E aqui estamos. Inaugurando esta era, buscando conversar sobre os novos assuntos. Nessa linha resolvemos publicar i-vídeos. Neles, estamos exercitando na fronteira do dia, onde a imagem em movimento se integra a uma interface multimídia trazendo novas questões, pois o movimento tem uma temporalidade que acaba repercutindo na apresentação e na relação da informação com as pessoas.

O video interativo agora é parte de uma interface multimídia, de um conjunto muito maior de elementos de linguagem que interagem num espaço mais amplo que toda a tela. Se a gente for lembrar, o vídeo, num aplicativo multimídia começou ocupando uma janela, usualmente acionada por um botão, de preferencia um botão com aquela maquinha de filmar. Agora o que experimenta a possibilidade de ser âncora da navegação, abrindo janelas de textos e janelas de informação, além de interagir com elas.

Tecnicamente ainda temos muitas restrições. A compressão ainda é alta, é baixa velocidade de transmissão de dados, os artefatos estão em todo lugar. Mas a coisa é muito empolgante e a gente acaba esquecendo que enfrenta essas limitações. Surgem novos espaços, para a videoilustração, a audioilustração, a vídeoancoragem, o cruzamento de veios de imagem com elementos de tela.

A forma de pensar as telas nos aplicativos web e multimídia é o que mais muda, pois o vídeo traz o conceito de movimento permanente que vale uma boa discussão. Como já salientei quando apresentei o CD ROM Descobrindo o Brasil, a informação agora não mais fica parada esperando pela interação, ela está contida nos fluxos imagéticos que se constituiem nos novos aplicativos, onde os estímulos sensoriais estão começando a trabalhar mais integrados.

A internet é um espaço para o vídeo digital, que de certa forma nos oferece um retorno ao artesanato, muito distanciado do cinema e do vídeo, estabelecidos ao longo do século XX mais como espaços industriais. Fazemos parte de uma geração que nasceu imersa no mundo eletrônico e que agora tem o privilégio de usar estas habilidades em lidar com próteses sensoriais eletrônicas, cada vez mais cotidianas e reais neste momento, como fazem os ceramistas ou tapeceiros, trazendo-as para ambientes pessoais e diretamente ligados à nossa intimidade.
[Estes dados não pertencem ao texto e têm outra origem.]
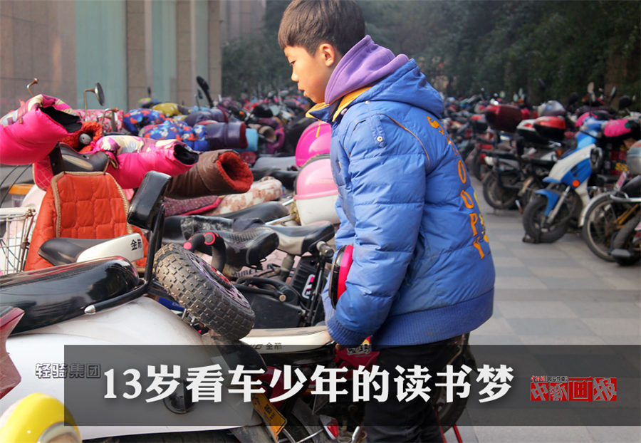 With the help of good-hearted people, they found a job at a bicycle parking lot. As long as he has spare time, Zhang will take out his textbook, with the hope of going back to school.
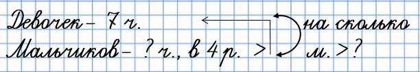 4. В школьном оркестре 7 девочек, а мальчиков в 4 раза больше, чем девочек. Задай вопрос к условию задачи так, чтобы получить ответ: на 21 мальчика. Запиши решение.
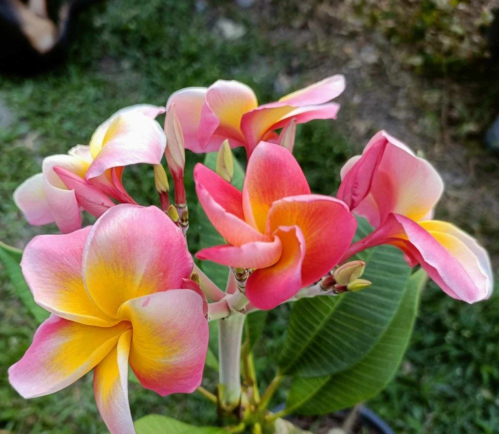 These beautiful and fragrant tropical Frangipani plants (Plumeria sp.) referred to as 'Mixed Thai Hybrids' are grown from seed (as...
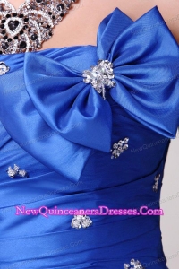 famous dresses for a quince with blue taffeta bowknot,
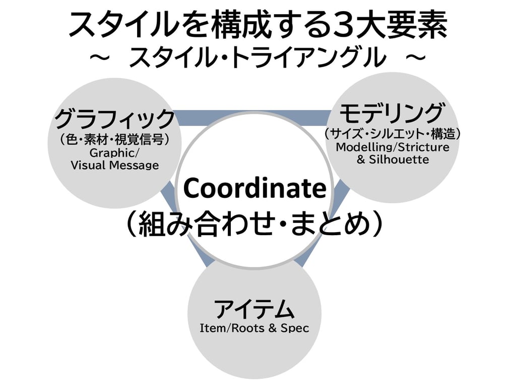 複雑なファッションを論理的に攻略するために、私は主な要素を「スタイル・トライアングル(3つの設計要素)」として定義しました。世界中の専門家が重視する「サイズ・素材・目的」の3原則を、より実践的に整理したものです。
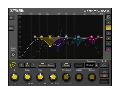Dynamic EQ6 ในขณะนี้สามารถตอบสนองความต้องการด้าน EQ ของคุณได้ทั้งหมดด้วยอีควอไลเซอร์แบบไดนามิก 6 แบนด์ EQ แบบไดนามิกรุ่นใหม่นี้มีการเพิ่มชุดคุณสมบัติจากที่เคยมีใน Dynamic EQ/EQ4 รุ่นก่อนหน้า ค่าเกนแบบคงที่จะเพิ่มความสามารถของตัวกรอง การประมวลผลตรงกลาง/ด้านข้างจะช่วยให้สามารถแก้ไขแบนด์ตรงกลางหรือความกว้างของสัญญาณสเตอริโอได้ นอกจากนี้ยังเพิ่มตัวกรองโลพาส/ไฮพาส และฟังก์ชัน Auto Threshold มาให้อีกด้วยเพื่ออำนวยความสะดวก แต่ละแบนด์จะมีตัวกรอง Key-In Filter ที่สามารถควบคุมพื้นที่ความถี่ที่กระตุ้นการทำงานของ EQ แบบไดนามิกได้อย่างอิสระ
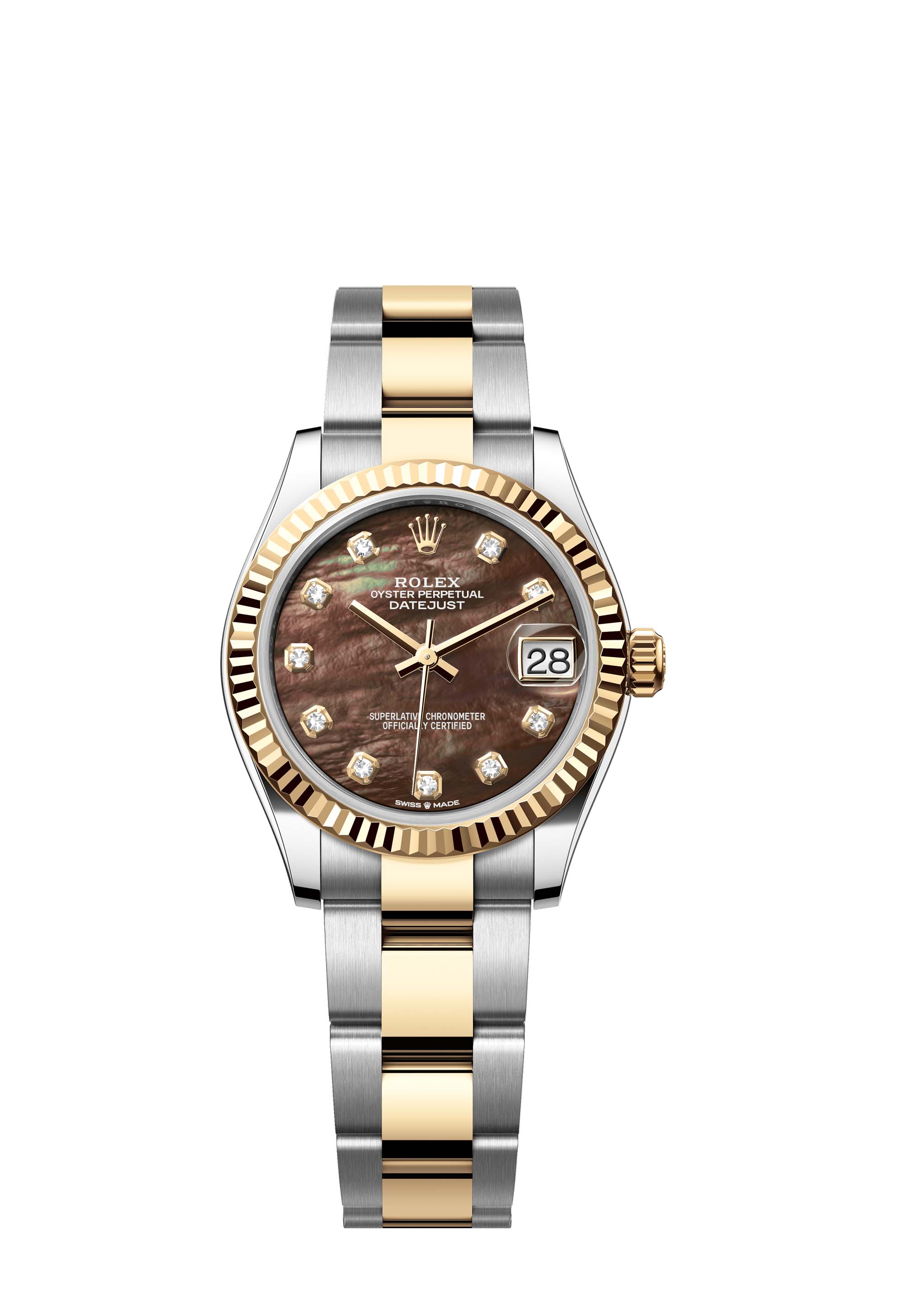 This Oyster Perpetual Datejust 31 in Oystersteel and yellow gold features a black mother-of-pearl, diamond-set dial and an Oyster bracelet.

O vídeo interativo muda as noções de temporalidade na interface dos softwares multimídia. Os I-vídeos têm duração e nesse sentido ajudam a quebrar a estrutura atual de menus e ferramentas, sempre disponíveis para o acesso imediato nas interfaces multimídia tradicionais.

Com a vídeo ancoragem podemos acelerar os percursos, mover para frente, para trás, para os lados, pular, mas sempre estamos confrontados com a necessidade de aguardar o tempo para chegar ou partir para de algum lugar.